Before the attack, mourners had sung “Amazing Grace” at Dunbar Funeral Home and recited “The Lord is My Shepherd” at the graveside. Montgomery then saw a car he estimated to be about 25-30 feet away gun its engine toward a lingering crowd of about 40 mourners, including a dozen children.

“The next thing I know, you hear this tremendous roar, and the car was coming right at us. ... he just slammed on the accelerator,” said Montgomery, who was grazed by the car, cut but not seriously injured.

“Bodies started flying,” he said. “I do remember seeing my son being flipped up and landing on the hood of the car, crashing onto the windshield and then rolling off the other side as the car went by. My initial thought was ‘He’s been killed.’ I didn’t see my granddaughters.”
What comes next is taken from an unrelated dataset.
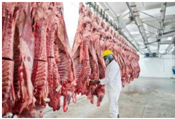
Processing & Packing (fruit, vegetables, chicken, eggs, pork, beef, lamb or other livestock)

CIRCLE all that apply below, even if the work was only for a short period of time.
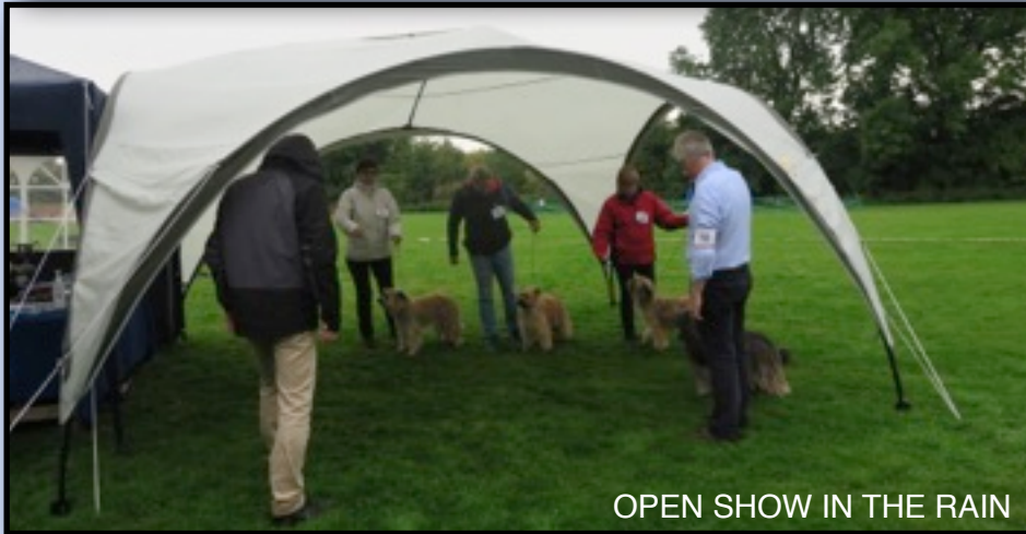
OPEN SHOW IN THE RAIN

After Montgomery saw his son, John, 45, hit, and the car speeding by, he recalls “people yelling and screaming, people crying, ‘Help me.’... There must have been seven or eight people just lying around.”

At the time, Montgomery was bleeding from a gash in his lower leg but didn’t realize it as he made his way to his son. “The next thing I saw, he popped up. I said, ‘Thank God.’ ”

After checking on his wife, daughter-in-law and granddaughters, he saw the attacker’s car – a light-colored Cadillac sedan, which had come to rest about 50 yards away in the middle of some graves.

“The windshield was dramatically cracked, the bumper was down on the ground. I went over and tried to peer in and yelled at him, ‘For God’s sake, don’t move.’ ”

One injured person, who had apparently been struck and carried by the car, was lying nearby, crying, “Help me get away. I’m afraid he’s going to run me over again.”

At that point, Montgomery’s wife of 51 years, Bonnie, went to the car window and asked the man, “Why did you do this?” He said, “ ‘Well my foot slipped, and the accelerator stuck,’ ” Montgomery said. Kester told the police a different story later.

Montgomery said it looked like the bumper on Kester’s car had snagged in the ground, keeping the car from moving. But before that, it looked like Kester might circle around and come at them again.

Police and emergency medical technicians swarmed into the cemetery within two to three minutes, Montgomery said. The police took Kester into custody. The EMTs separated people based on their injuries.

It wasn’t until the next day that Montgomery heard about the woman with the gun. “That struck me as a good thing,” he said. “We all think perhaps she prevented something else, because if he had started up again, at least one of us was prepared.” And even though Kester’s car had stopped, people believed he might come at them again. “We had the same fear: that this might not be over.”